I opened this thread, (and have repeated since) with a request for someone else to offer an interpretation of the movements to the right. As I didn't get any, my initial interpretation was limited and did not include the takedown and finish. The stated purpose of the thread was for an exchange. 

This first interpretation (movements to the right) was not expected to be new to everyone. Perhaps the follow up takedown ase well as finishing techniques might be new to some people, who have not considered the movements to the left in use as a continuation of the initial defense to the right. It's hard to judge with nobody offering an interpretation to the right. 

But I imagine that across my 15 or so standing combinations, there might be something new to even a well-versed Naihanchi Shodan practicioner. Hence, the purpose of the exchange. Try to find something new and useful. In addition, I would certainly imagine that not all practicioners of Naihanchi Shodan have practiced the movements at length, with partners, in ground fighting applications. 

So my offer stands: would anyone like to exchange interpretations of the initial movements to the right in Naihanchin Shodan? If not, let me go further. Would anyone like to offer an interpretation of Naihanchi Shodan that either begins at the point of the left elbow at the end of the movement to the right, or includes that elbow movement (and earlier movements, if needed) and continues on to the left.  

Again, email is fine.

Let the noise begin.

-Sensei Mike


----------



## RyuShiKan (Sep 17, 2002)

> _Originally posted by Sensei Mike _
> 
> * Still there has not been any offerings regarding the movements to the right.  *




Actually if I am not mistaken there are 2 Mpegs on that site that deal with your question.


----------



## RyuShiKan (Sep 17, 2002)

No I'm sorry I just checked again.........make that 6 mpegs.


----------



## DKI Girl (Sep 17, 2002)

The Naihanchi Katas are exact duplicates of the first and second half, which means that the techniques can be used on either side of the body.  So, therefore, it really doesn't matter whether we are using the first half or second half, it will work both ways.

After the step you have the elbow meeting the hand.

This can be a same side wrist grab, trap the hand and execute a wrist lock with the elbow moving towards the pinky.  This will put your opponent in front of you to execute the next part of the kata.   

For the down strike, Grab the back of the head or ear, if they are bald, bring the head down in a twisting of the neck to attack the right side of the opponents head (ST 5) with the punch in the kata.

dki girl


----------



## Sensei Mike (Sep 17, 2002)

> Still there has not been any offerings regarding the movements to the right. ...Actually if I am not mistaken there are 2 Mpegs on that site that deal with your question.No I'm sorry I just checked again.........make that 6 mpegs.

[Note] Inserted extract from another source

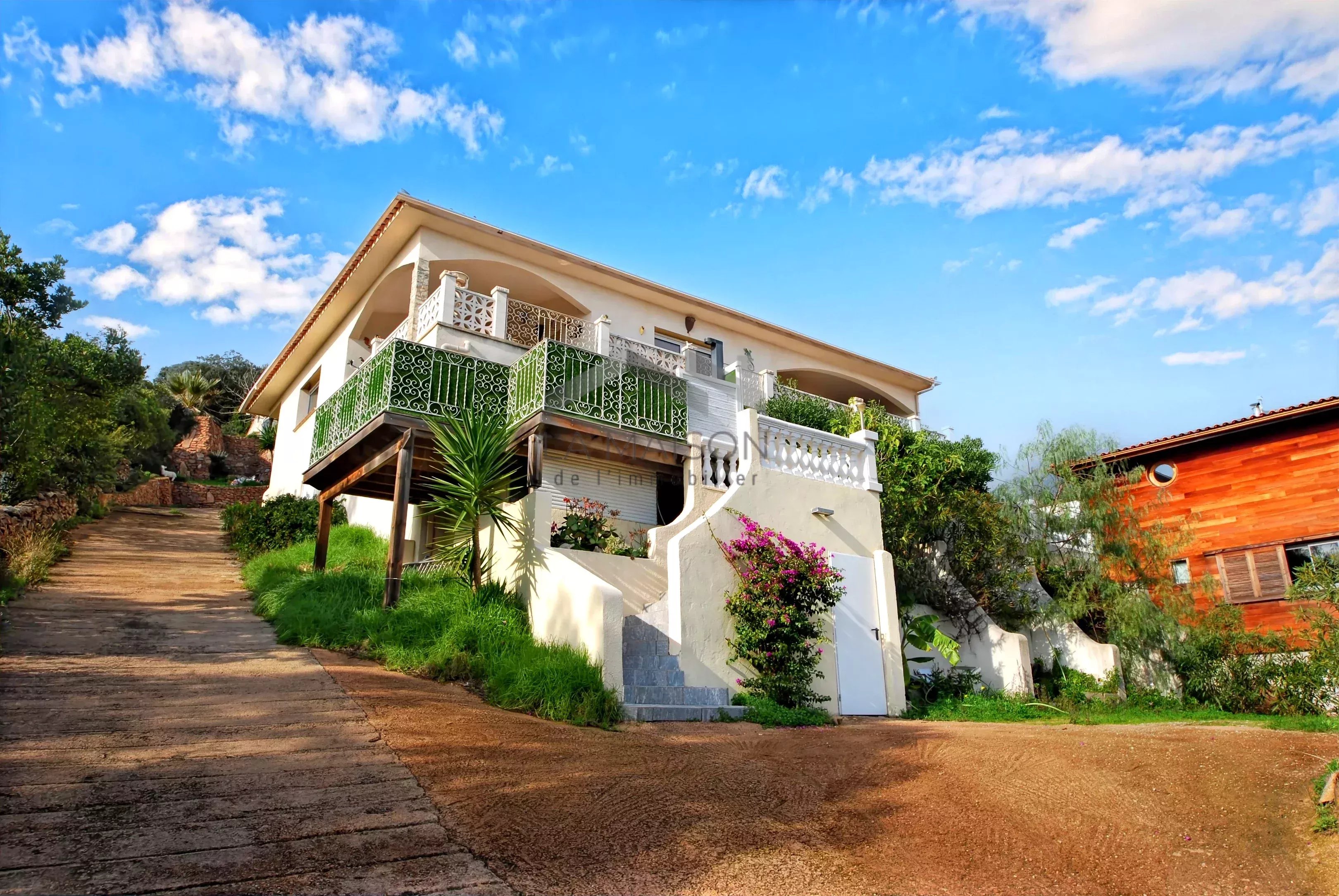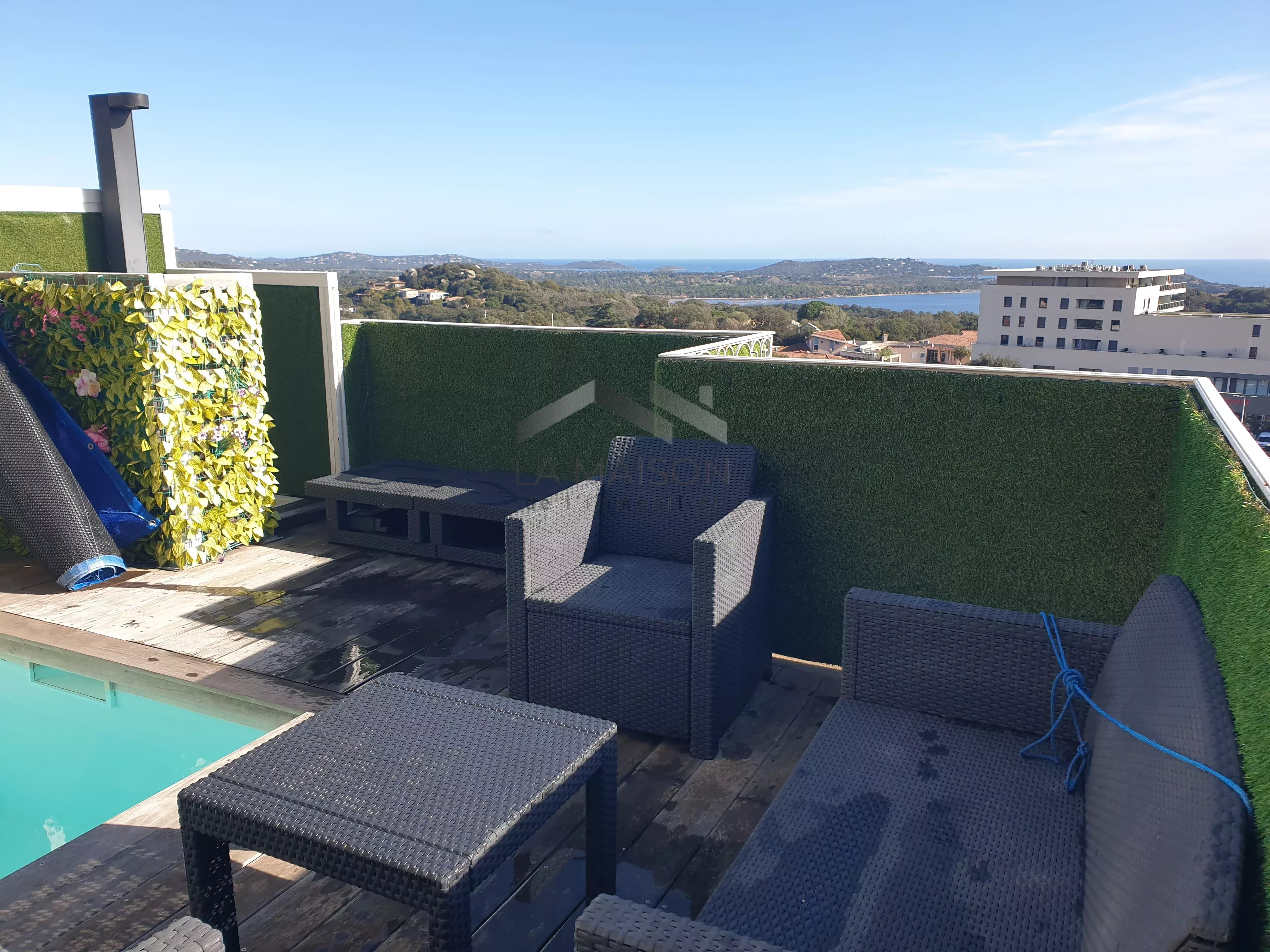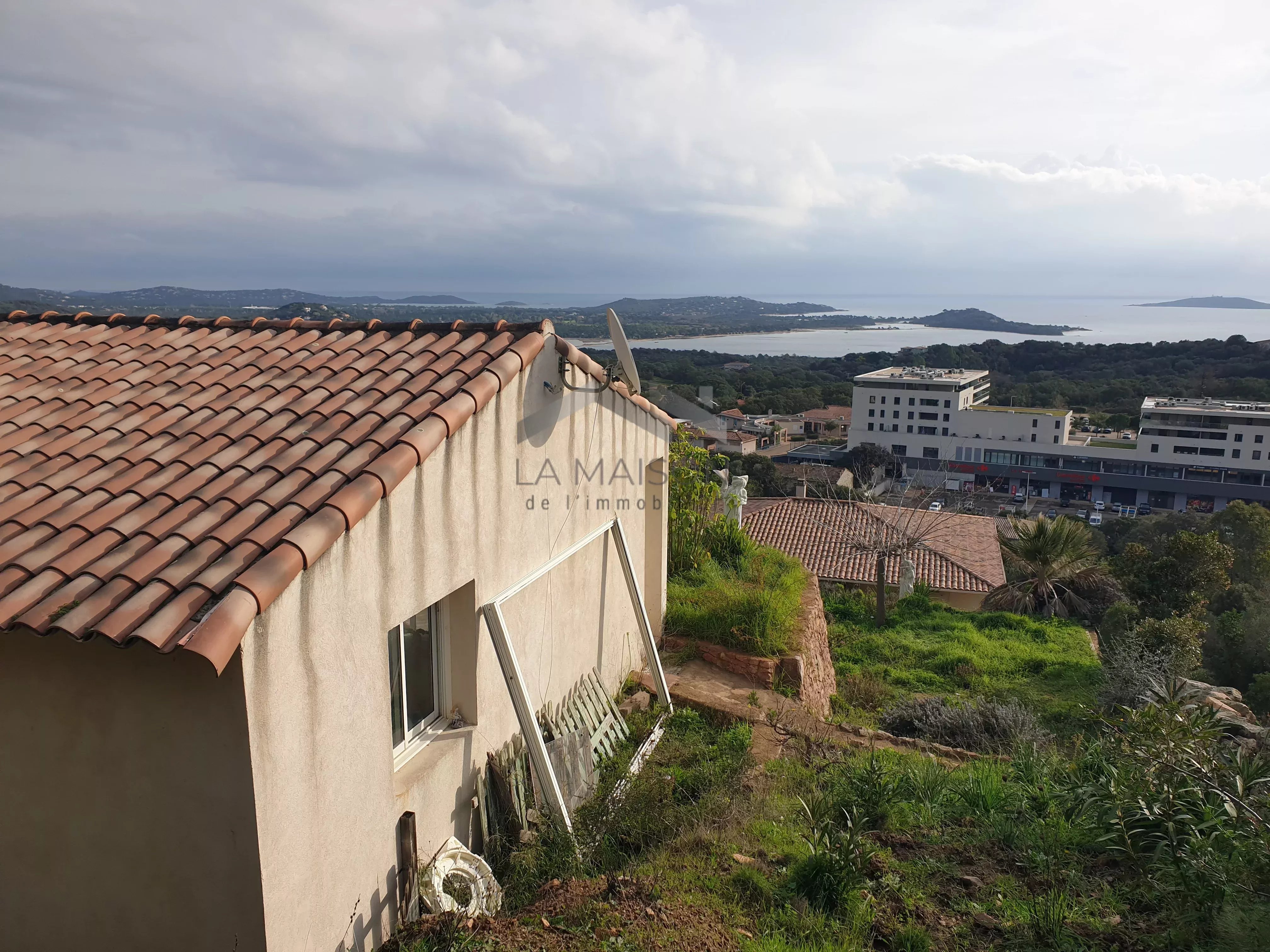 Venez saisir cette opportunité dans le quartier de La Trinité de Porto-Vecchio, d'acquérir un terrain de 2710 m² à fort potentiel constructible, supportant un ensemble immobilier orienté plein Est avec vue sur la mer en tout point de la parcelle. Ce terrain permet la réalisation de petits ensembles résidentiels collectifs en R+1 à R+2 dans le respect des règles d'urbanisme en vigueur et d'une bonne intégration. Cette parcelle est située en zone UV du plan local d'urbanisme en attente d'approbation, qui prévoit une constructibilité en R+2 avec une hauteur maximale de 9 m à l'égout. Configuration actuelle Au centre du terrain se trouve une villa principale comprenant deux appartements : Un appartement principal de type 7 d'une surface habitable d'environ 178 m², disposant d'une entrée de plain-pied à l'ouest. Ce logement, établi sur deux niveaux, propose à l'étage supérieur un double salon-séjour avec cuisine attenante et terrasse d'environ 60 m² offrant une vue panoramique sur les paysages et la mer, un cellier, un dégagement desservant une salle de bain à terminer, un cabinet de toilettes, deux chambres dont une avec salle d'eau et un dressing. Au niveau inférieur, accessible par un escalier intérieur, se trouve un dégagement desservant un espace détente avec sauna, un espace sport, une kitchenette, une chambre, un cabinet de toilettes à équiper, une douche à équiper, un dégagement donnant accès à la piscine partiellement couverte avec une terrasse offrant une vue sur la mer. Un deuxième appartement d'une surface d'environ 38 m² de type 2 est situé au rez-de-chaussée surélevé accessible par un escalier sur la façade est. Ce logement dispose d'un salon-séjour avec cuisine donnant sur une terrasse avec jacuzzi et vue sur la mer, d'une salle d'eau avec WC et d'une chambre. Sur la partie haute du terrain se trouve une deuxième villa de type 2 d'une surface habitable d'environ 48 m², comprenant un salon-séjour-cuisine et une chambre donnant sur une terrasse dominant les paysages et la mer, ainsi qu'une salle d'eau avec WC. Sur la partie basse du terrain, deux mobil homes.

Would you care to identify them? Or is this an easter egg hunt? There are, I believe, 25 videos on that page, 11 with Master Oyata and 14 without. The Oyata videos are without question a great resource as his techniques and interpretations are wonderful. 

But again let me restate the original purpose of the thread. I am looking to discuss interpretations of the movements of Naihanchi Shodan and in an effort to start somewhere, I began with the beginning of the kata (or to my chagrin, near the beginning of the kata for some). That is the movements to the right in Naihanchi Shodan. This kata takes a step with the left foot across the right and the right foot steps out to the right. The right hand moves out to the right so that the arm is on the same plane as the body and then the left elbow is thrust out towards the right hand. 

I do have some familiarity with the Naihanchi kata practiced by Oyata students. In the past several years, I have trained under several. I am reasonably confident that the opening I have described is the way the kata is performed in what I believe Oyata's system is called today - Ryu Te.  

There are thousands of combinations in karate that map to the direct movements of kata. There are many thousands more that are independent of movements in kata or use portions of movements found in kata. I am making an effort to master a very limited set of movements, those specifically found in kata. This thread is designed to exchange with others, interpretations of the direct movements of the kata. In the movements to the right, I am particularly interested in the foot work, a left step, right step sequence.  

I would be very grateful if you would please share with me which mpegs on the web site apply to these specific movements that are practiced within the Ryu Te system. 

Thank you.

-Sensei Mike


----------



## Sensei Mike (Sep 17, 2002)

> The Naihanchi Katas are exact duplicates of the first and second half, which means that the techniques can be used on either side of the body. So, therefore, it really doesn't matter whether we are using the first half or second half, it will work both ways.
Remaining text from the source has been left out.